Aortopulmonary window (APW) is a rare congenital cardiac condition. A large number of patients with a large APW usually die within 1 year of age. It is extremely rare to find cases of APW surviving till adult age and it is still rare to surgically treat such patients who are incidentally detected in adult age because such subsets of patients invariably have associated pulmonary vascular obstructive disease in advanced stage and thus there is therapeutic dilemma to surgically correct these patients. Although cases of uncorrected AP window presenting in adulthood have been reported but literature on surgically treated AP window in adult populations is limited. We describe case of APW in a 26-year-old male patient who was diagnosed incidentally while suspecting infective endocarditis and was subsequently surgically closed successfully with polytetrafluoroethylene patch after confirming reversibility of pulmonary arterial hypertension which is the key for successful outcome.

Transcatheter closure of aortopulmonary window with Amplatzer duct occluder II: additional size.

Aortopulmonary window is a rare cardiac defect, and early management with surgery or transcatheter closure is lifesaving. Here, a 9-month-old patient, who underwent a successful device closure with additional size-Amplatzer duct occlude, is presented to make emphasis that it may be considered as the device of choice for defects in close proximity to aortic valve and/or coronary ostium.

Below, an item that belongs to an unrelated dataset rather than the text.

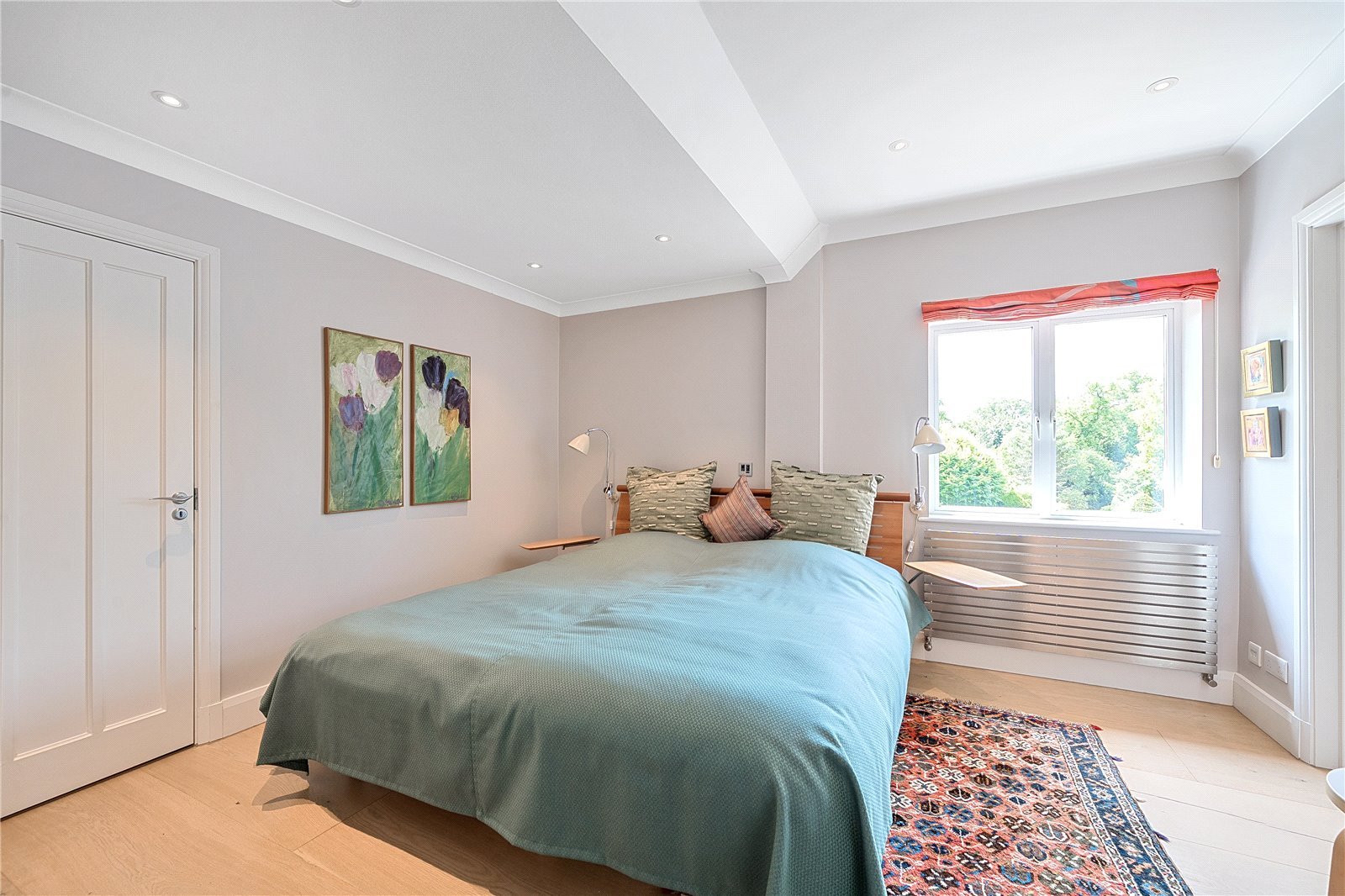 To the first floor is an inviting master bedroom with a balcony overlooking the rear garden, an en-suite with a feature free standing bath and a dressing gallery. There are two further bedrooms, a family bathroom and a gym/bedroom. A second dressing gallery gives access to two further split and identically created duplex rooms, with their own bathrooms and spiral staircases leading to the second floor. There is a lower ground floor which comprises a car garage, wine cellar and storerooms.

Surgical repair for aortopulmonary window with interrupted aortic arch in late childhood.

Aortopulmonary window with interrupted aortic arch is rarely reported beyond infancy. Pre-operative assessment and surgical repair are challenging. We report successful surgical repair of aortopulmonary window with interrupted aortic arch in a 6-year-old girl with near-normal pulmonary artery pressure immediately following surgery.

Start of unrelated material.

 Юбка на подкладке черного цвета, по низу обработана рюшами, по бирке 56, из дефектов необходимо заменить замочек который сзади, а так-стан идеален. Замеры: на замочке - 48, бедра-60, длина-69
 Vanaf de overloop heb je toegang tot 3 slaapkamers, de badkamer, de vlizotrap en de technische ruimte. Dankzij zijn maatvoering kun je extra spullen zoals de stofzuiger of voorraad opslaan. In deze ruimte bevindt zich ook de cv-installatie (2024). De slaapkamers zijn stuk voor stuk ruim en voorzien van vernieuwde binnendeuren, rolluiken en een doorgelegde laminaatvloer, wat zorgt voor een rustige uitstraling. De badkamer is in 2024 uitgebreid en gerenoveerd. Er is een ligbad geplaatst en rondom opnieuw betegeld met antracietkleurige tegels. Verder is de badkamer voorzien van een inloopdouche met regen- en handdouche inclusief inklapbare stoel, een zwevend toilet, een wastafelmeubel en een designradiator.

Aortopulmonary window in adults: A rare entity leading to Eisenmenger syndrome.

An aortopulmonary window (APW) is a rare congenital heart defect involving an abnormal communication between the ascending aorta and the pulmonary trunk with separate aortic and pulmonary valves. This defect accounts for 0.2% of all congenital cardiac anomalies and if left untreated can lead to Eisenmenger syndrome, severe pulmonary hypertension, heart failure, and poor survival. The authors herein present a case of APW type III with Eisenmenger syndrome in an adult patient whose initial complaint was cyanosis, and provide a thorough review of the literature of cases of APW with Eisenmenger syndrome that have survived into adulthood.

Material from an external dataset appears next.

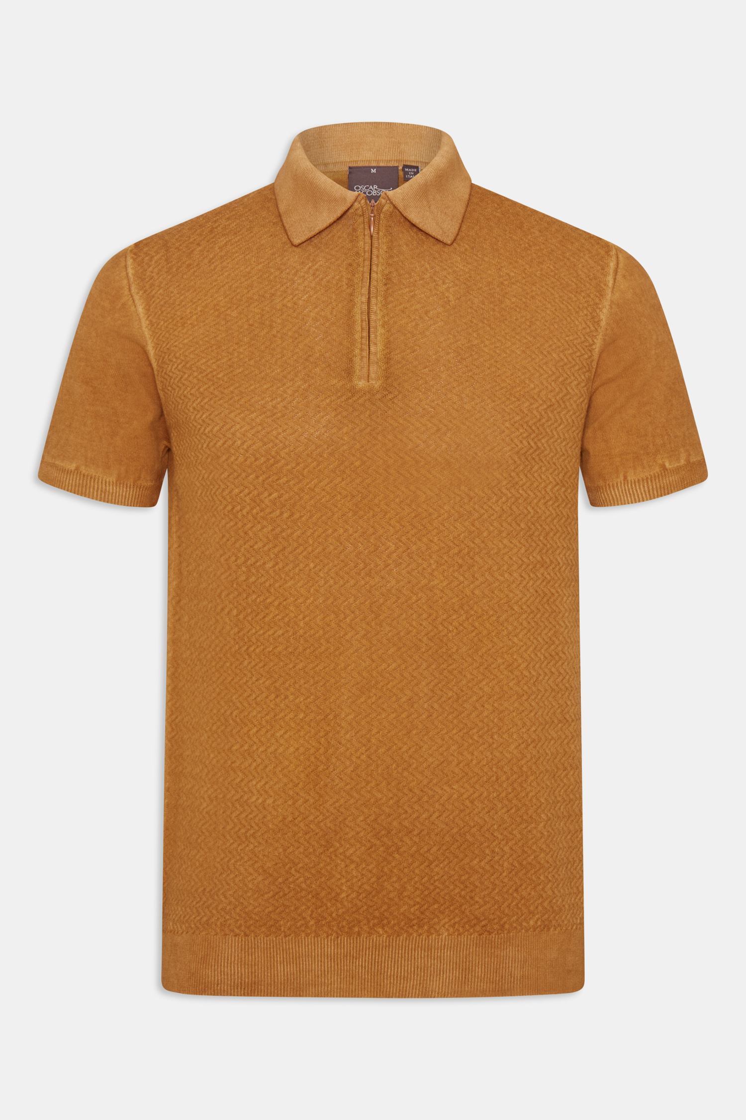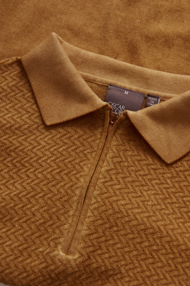 Kortærmet polo i slim fit med lynlåskrave og mønstret front. Fremstillet i bomuldsstof.

Prenatal Diagnosis of Aortopulmonary Window by 2-Dimensional Echocardiography: Summary of 8 Cases.

Aortopulmonary window (APW) is a rare congenital heart anomaly. A total of 8 cases with APW confirmed by echocardiography and surgery were retrospectively reviewed and the echocardiographic features analyzed. Among the 8 APW cases, 5 were type II and 3 were type III, the latter of which includes 2 cases complicated with Berry syndrome. Prenatal echocardiography can provide accurate information for the diagnosis of fetal APW. The prognosis depends on the timing of surgery and the nature of the associated cardiac anomalies.

Transcatheter Treatment of Aortopulmonary Window with a Symmetrical Membranous Ventricular Septal Occluder.

Aortopulmonary window (APW), the presence of a communication between aorta and pulmonary artery, is a rare congenital heart disease, and surgical intervention is the standard for closure. Recently, several cases have been treated with transcatheter device occluders. Here, we report an APW patient treated successfully using a transcatheter closure with a symmetrical membranous ventricular septal occluder. We are the first to report on a case treated with this type of occluder for APW.